02.11.2012 - 12:02 | Son Güncellenme:
İstanbul Emniyet Müdürlüğü Çocuk Şube Müdürü Murat Koçak, İstanbul’da kayıp çocuk müracaatında büyük artış olduğunu, 3 yıl önce günde 10 çocuk için kayıp müracaatı alırken, bu yıl bu rakamın 25’e çıktığını söyledi.
Murat Koçak, İstanbul Emniyet Müdürlüğü’ne, 2011 yılında 20, 2010 yılında 16, 2009 yılında ise 10 çocuk için kayıp müracaatı aldıklarını, bu yılsa bu rakamın 25 olduğunu kaydetti. Bu çocukların yüzde 97’sinin evden kaçtığını, yüzde 3’ünün de başka nedenlerden dolayı kaybolduğunu ifade eden Koçak, ”Kayıp çocuk müracaatında büyük artış olduğunu söyleyebiliriz. 3 yıl önce günde 10 çocuk için kayıp müracaatı alıyorduk, bu yıl bu sayı 25 oldu” dedi.
Kayıp müracaatlarını cinayet ihbarı almışcasına değerlendirdiklerini ifade eden Koçak, sözlerini şöyle sürdürdü: ”Evden kaçan çocukların geceyi evde geçirmelerinin sağlanması büyük önem taşıyor. Yaptığımız araştırmalar gösteriyor ki; kayıp çocukların yüzde 100’e yakın kısmı, eğer 24 saatte bulunamazlarsa ya bir suçun faili ya da bir suçun mağduru oluyorlar. Maalesef, cesedi bulunan çocuklarımız da oluyor. Son 2 yılda 11 çocuğun cesedi bulundu. Bu çocuklardan 2’si kaza sonucunda hayatını kaybetti, 8’i intihar etti, 1’i cinayet kurbanı oldu. Bu nedenle evden kaçan çocuğun bulunması, çocuğun geceyi sokakta geçirmemesi çok çok önemli.”
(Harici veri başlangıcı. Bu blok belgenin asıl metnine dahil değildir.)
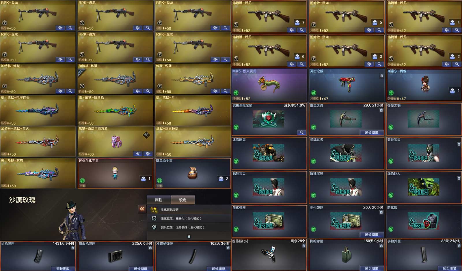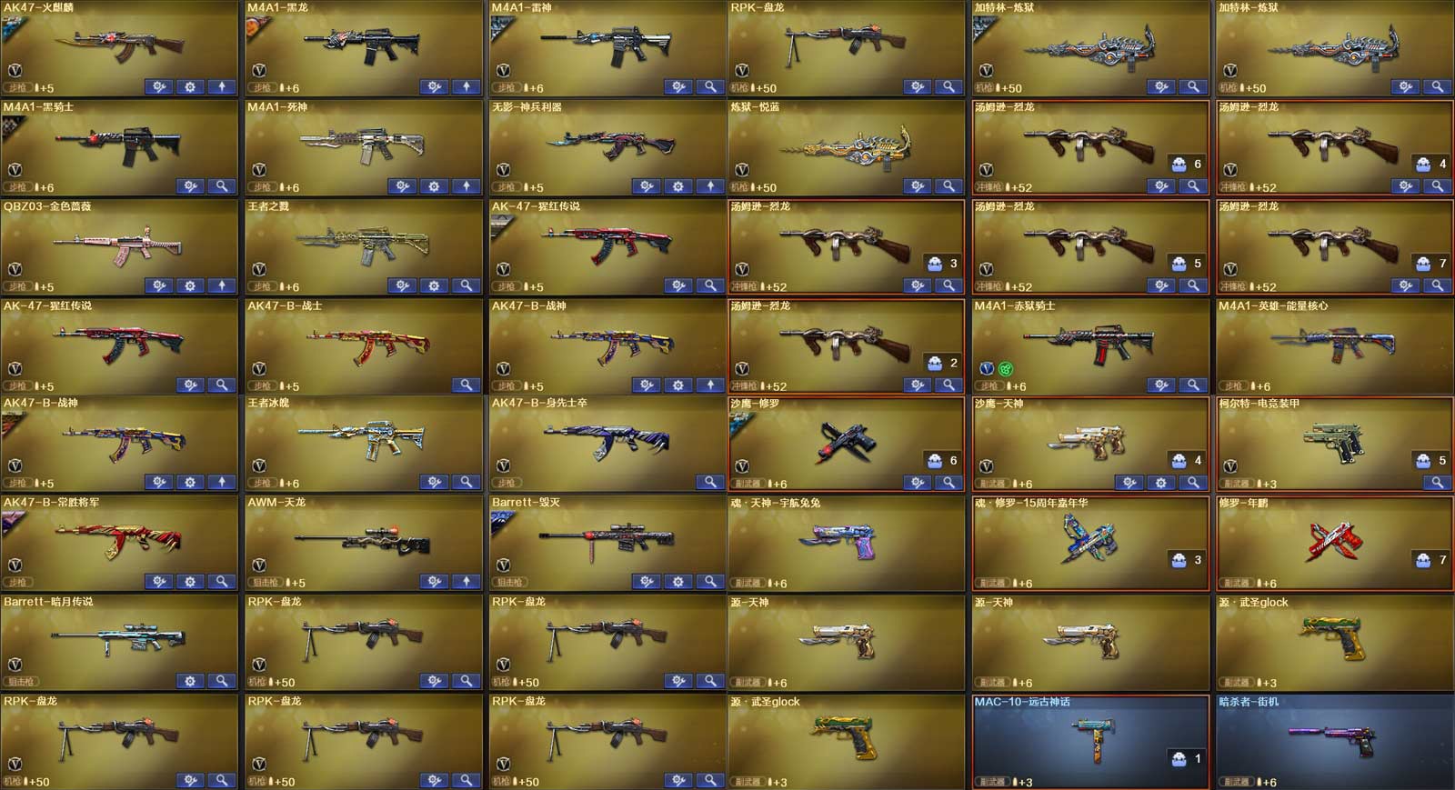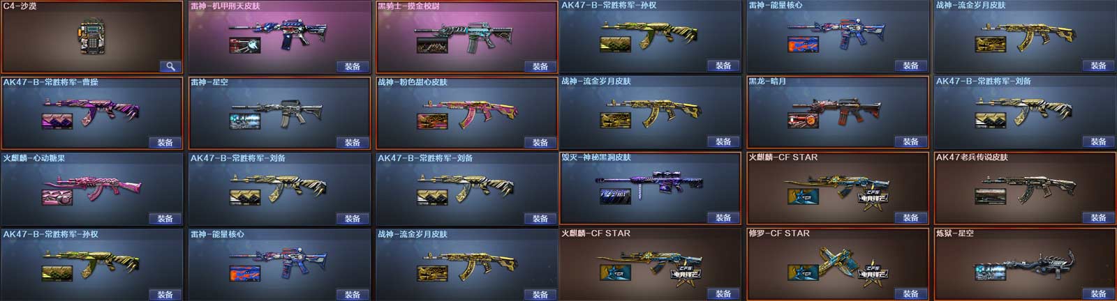 多四防角色,各种皮肤武器光效玩偶道具,欢迎来体验!武器太多,截不了那么多图!【此号全部装备太多截不了太多图,还有很多神器未截图,普通CF点武器也是一百多个就不截图了(满背包满道具爆破、生化、挑战武器应有尽有多个玩偶主流武器多光效),主流枪械都有皮肤】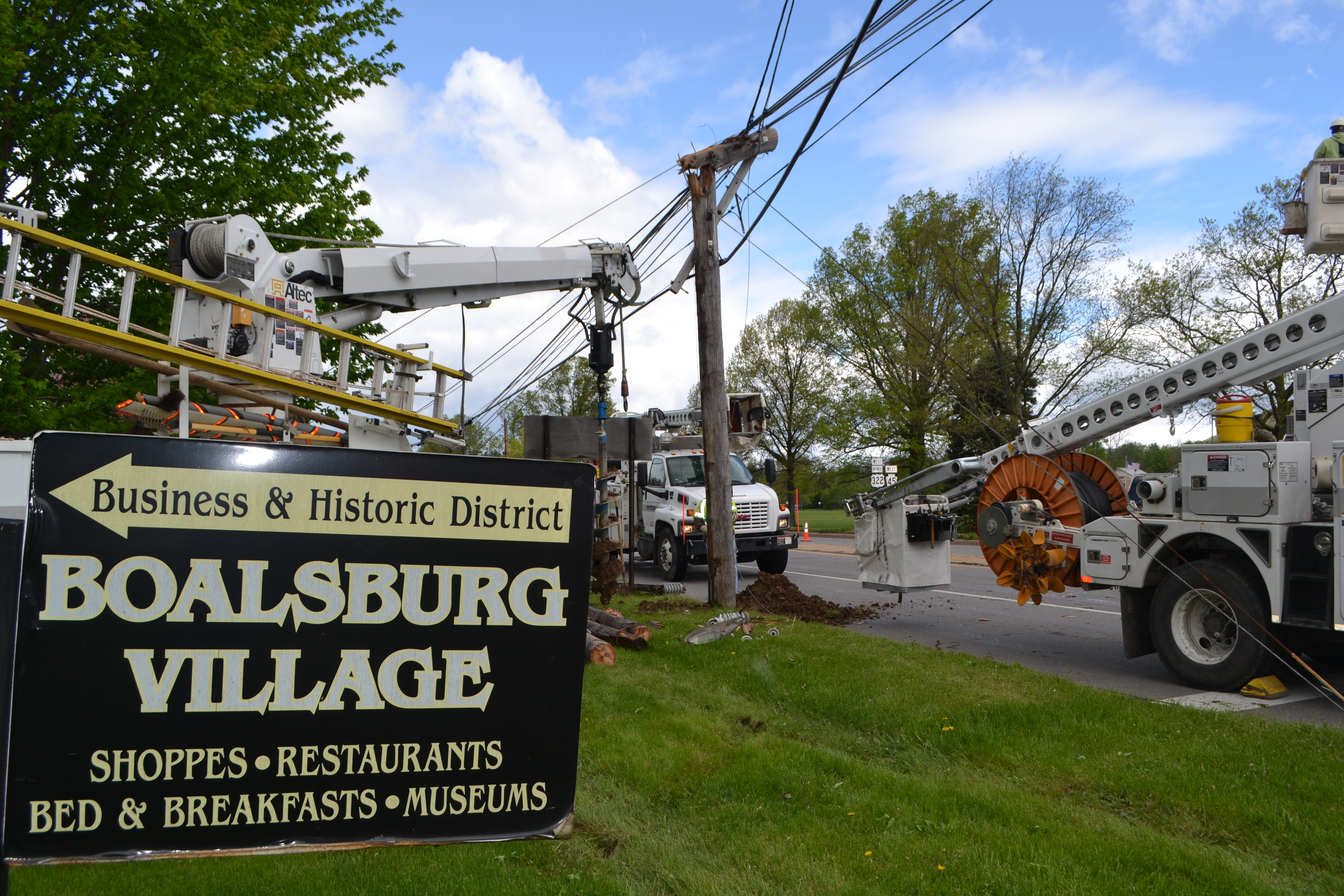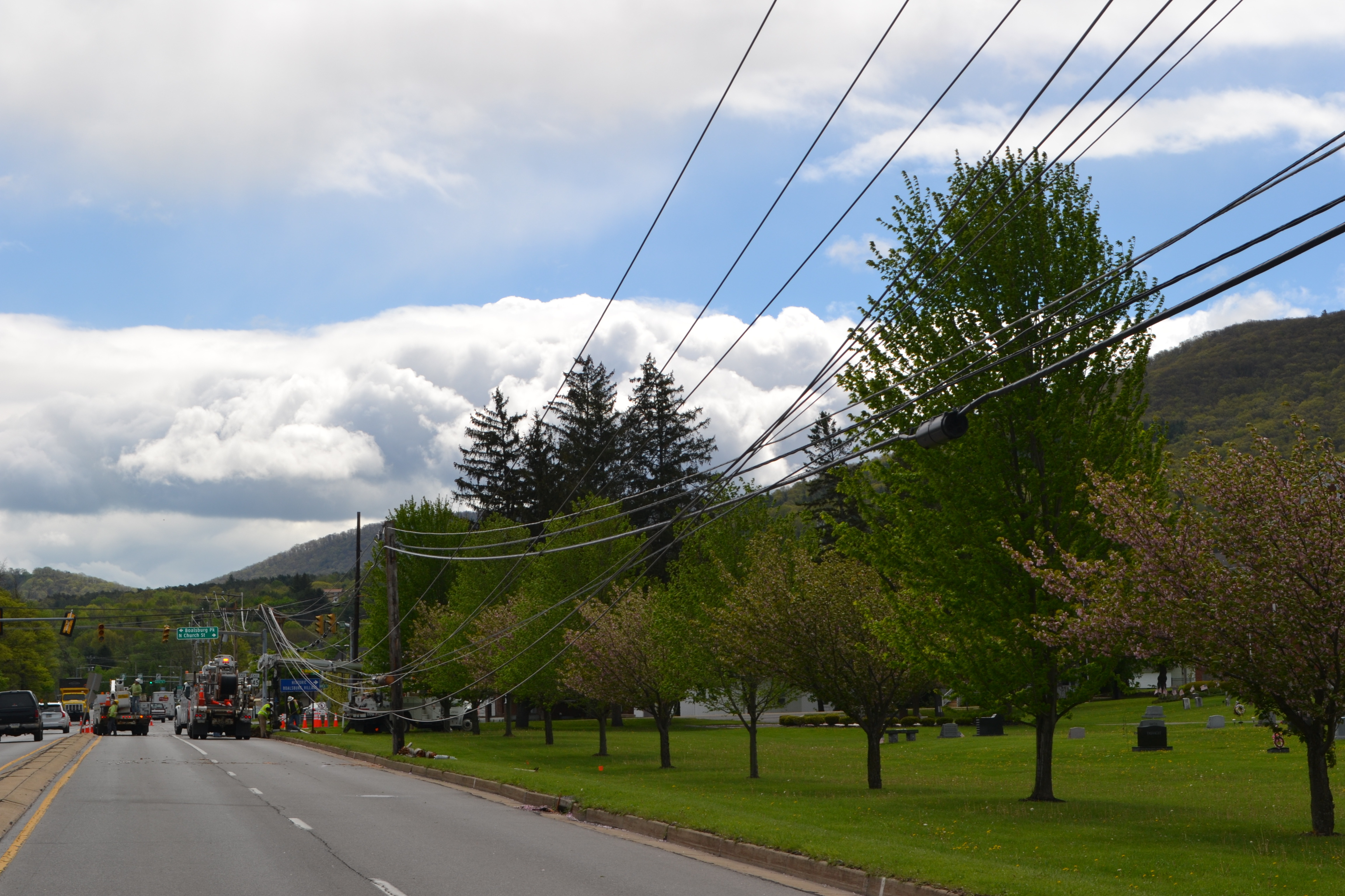 On Monday, at 6:35 P.M. a squall line came by our quaint little village. The down-burst did, as so often happens in historical villages with old trees, take down a few trees, which luckily did not do much harm to the buildings. The trees had been for the most part been well pruned, except a few maple trees that had just done this year’s growth and were at their most vulnerable, so a few secondary power lines went down. The major problem was four poles in a row along the major road snapped, even though no falling trees were involved. How can that happen? These were wooden poles, showing their age, badly overloaded with one high voltage line on top, one intermediate voltage in the middle, telephone and cable lines galore below, placed too far apart so the power lines resonated and swayed harder and harder until the lines snapped. We lost power for one day, most lost power for two days, and power is not yet restored to all customers.

”Yüzde 48’i, 24 saat içinde bulunuyor”
İstanbul Emniyet Müdürlüğü’nün kayıp çocuk vakalarına büyük önem verdiğini dile getiren Koçak, sözlerine şöyle devam etti: ”İstanbul Emniyet Müdürlüğü’ne bağlı çocuk birimleri olarak adeta seferberlik ilan ettik. İstanbul’da bu konuda çalışan ilçe çocuk büro amirlikleri mevcut. Her kayıp için bir görevlendirme yaptık. 900’e yakın personele kayıp çocukların soruşturulması ile alakalı eğitim verdik. Kayıp çocuklara ilişkin bilgisayar sistemi kurduk. Geçen yıl itibariyle kaybolan çocukların yüzde 35’ini 24 saat içinde buluyorduk. Çalışmalarımızla bu sene bunu yüzde 48’e çıkardık. Çocuğun bulunma süresi 12 gündü. Bu yıl bu süreyi 6 güne indirmeyi başardık. Kayıp çocuğun 6 gün sokakta kalması da uzun bir süre ancak yine de önemli bir başarı olarak görüyoruz. Bunu düşürmek için çalışmalar yapıyoruz.”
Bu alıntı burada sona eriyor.